▶ **Assignment**:
The range runs from the line containing "Einknopfbedienung: Zum Einschalten" through the last line of the material below; retype it exactly, leaving out the pictures.

▶ **Recorded information**:
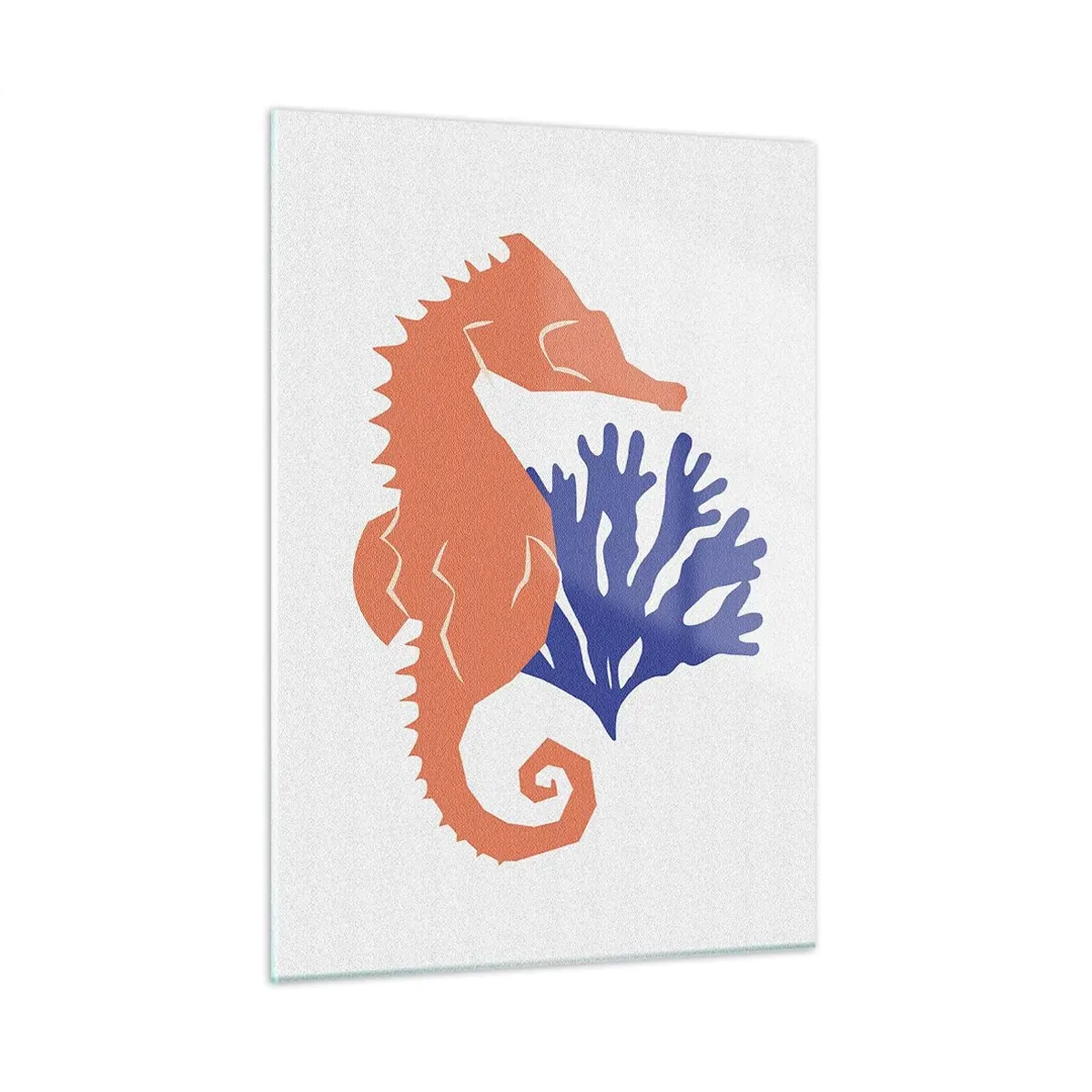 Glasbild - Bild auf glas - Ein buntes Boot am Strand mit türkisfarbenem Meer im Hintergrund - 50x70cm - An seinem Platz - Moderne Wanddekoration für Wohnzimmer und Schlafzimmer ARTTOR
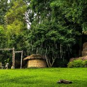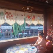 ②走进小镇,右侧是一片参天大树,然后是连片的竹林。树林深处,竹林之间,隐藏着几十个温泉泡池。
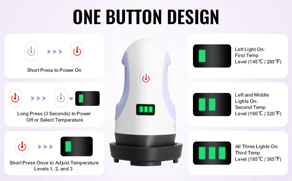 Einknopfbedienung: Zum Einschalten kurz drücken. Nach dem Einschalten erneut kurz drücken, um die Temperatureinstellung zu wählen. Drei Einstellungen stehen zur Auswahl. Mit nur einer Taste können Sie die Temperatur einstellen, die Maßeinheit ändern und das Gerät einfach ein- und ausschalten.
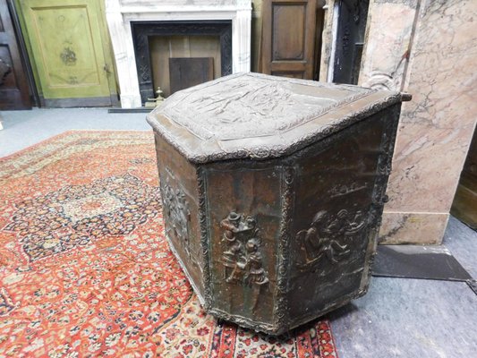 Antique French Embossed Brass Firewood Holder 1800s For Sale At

▶ **Your response**:
 Einknopfbedienung: Zum Einschalten kurz drücken. Nach dem Einschalten erneut kurz drücken, um die Temperatureinstellung zu wählen. Drei Einstellungen stehen zur Auswahl. Mit nur einer Taste können Sie die Temperatur einstellen, die Maßeinheit ändern und das Gerät einfach ein- und ausschalten.
 Antique French Embossed Brass Firewood Holder 1800s For Sale At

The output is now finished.